Network partitions
This runbook expands the network rows in the failure-mode matrix. It focuses on what the operator can observe, which action it takes, which metrics/events move, and what an operator should do after connectivity returns.
Timing assumes the defaults: pollInterval=2s, failureThreshold=3,
sidecar.leaseTimeout=20s, and a 30-second relay-log drain timeout.
First principles
- Bloodraven promotes only when the current primary is unreachable and a
promotable
primary-candidatereplica is reachable. - A replica-side network problem does not trigger failover while the primary remains writable.
- The sidecar self-fences a writable MySQL when it cannot reach the
operator and cannot reach any peer for longer than
leaseTimeout. - Cross-site replication lag is an alert, not a failover trigger, when the primary is otherwise healthy.
- Once a partition heals, GTID comparison decides whether the returning site can rejoin automatically or must be recloned.
Scenario A: operator cannot reach site A, site B reachable
Example: the active primary is iad; the operator and pdx are on the
surviving side of a site partition; all operator polls to iad time out.
| Aspect | Expected behavior |
|---|---|
| Observable signal | iad transitions to unreachable; pdx remains read-only and replicating until the link fully breaks. |
| Operator action | After debounce, promotes pdx via the normal emergency failover path, updates Services/DNS, and taints old-site nodes. |
| Sidecar action | If iad is still running but isolated from both operator and peers, its sidecar sets super_read_only=ON at roughly T+20s. |
| Metrics | bloodraven_site_state{site="iad",state="unreachable"}=1, bloodraven_failovers_total{target_site="pdx"} increments on successful promotion, bloodraven_dns_flips_total{site="pdx"} increments when DNS is updated, bloodraven_taint_operations_total{site="iad",action="taint"} increments. |
| Events | Expect the same failover lifecycle events as an unreachable primary: failover started/completed and, if the old primary later returns diverged, DataLossDetected. |
| RPO | Bounded by what had replicated to pdx before the partition.
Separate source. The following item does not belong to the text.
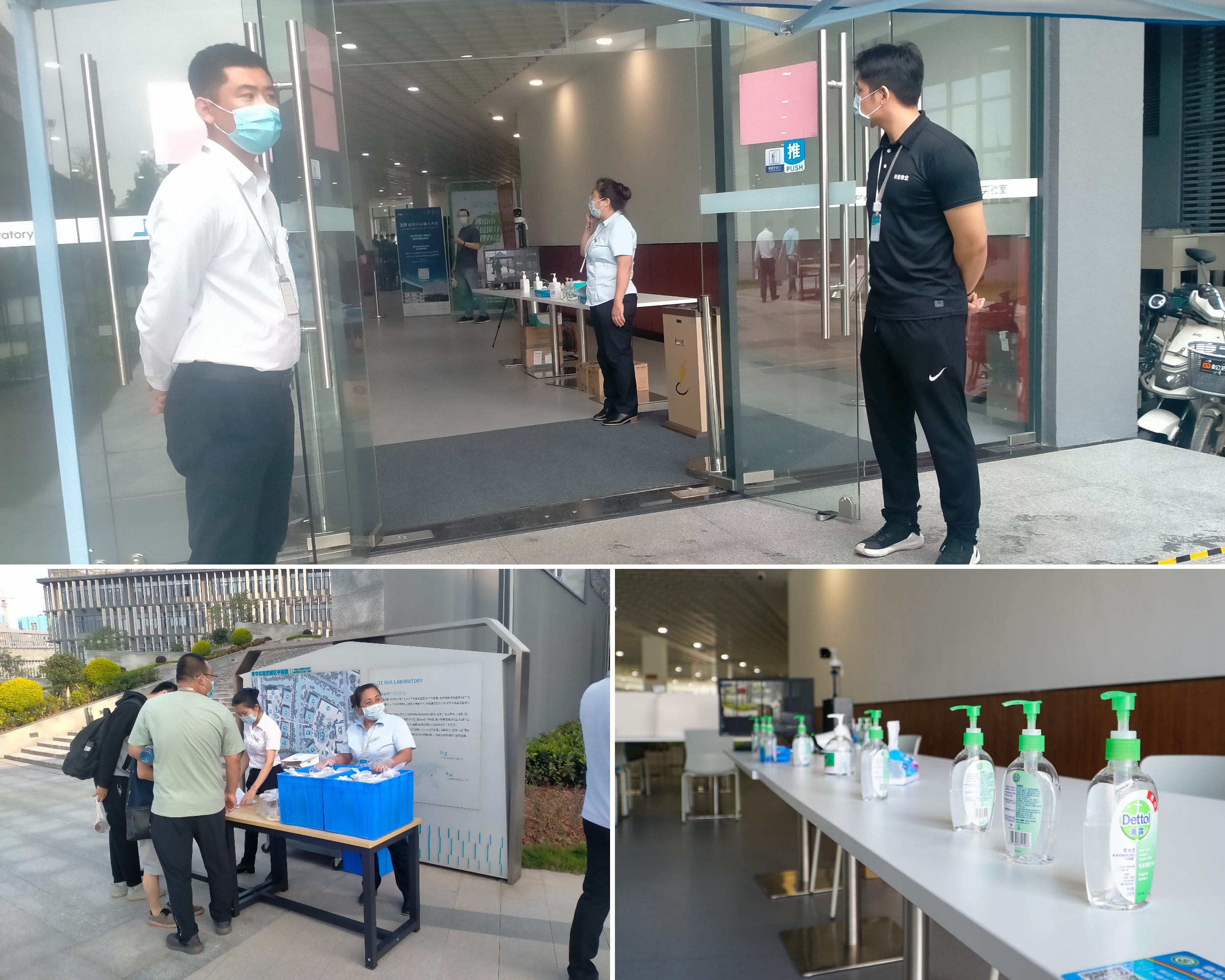 4月13日,实验室积极响应桂城街道全域实行围合管理的通告,全面实施围合管理,禁止外来人员入内,内部人员须提供有效核酸采样记录方可入场办公。为确保实验室食堂安全有序供餐,食堂实行测温、分批分时段就餐、合理间隔等措施,并为因疫情防控无法堂食的员工特设打包服务,避免人员聚集。

Any writes accepted only on iad after the partition are divergent when iad returns. |
Recovery after heal:
- Watch
status.sites[?(@.name=="iad")].recoveryState. - If there is no divergence, the operator reconfigures
iadas a replica automatically. - If
divergentGtidis set, review lost transactions and trigger the reclone flow in Operations.
Scenario B: replica site isolated, primary reachable
Example: active primary iad remains reachable by the operator;
replica pdx cannot receive replication traffic or cannot be polled.
| Aspect | Expected behavior |
|---|---|
| Observable signal | pdx becomes unreachable, or replication IO/SQL stops and secondsBehindSource climbs. iad remains writable. |
| Operator action | No failover. The primary is healthy, so promoting away would reduce availability and risk data loss unnecessarily. |
| Sidecar action | Replica sidecar does not self-fence a read-only MySQL; replicas are already not accepting writes. |
| Metrics | bloodraven_site_state{site="pdx",state="unreachable"}=1 or bloodraven_replication_lag_seconds rises; bloodraven_replication_running{site="pdx",thread="io"} may become 0. |
| Events | Degraded/alert events for unreachable or lagging replication; no failover-complete event. |
| RPO | Emergency failover is not available until a primary-candidate replica is reachable and reasonably current. |
Recovery after heal:
- Confirm replication restarts and lag falls below
spec.replication.maxLagSeconds. - If replication does not restart, inspect MySQL replica status and
operator logs for
old primary recovery failedor replication errors. - If the replica has been manually written to and now diverges, reclone it from the current primary.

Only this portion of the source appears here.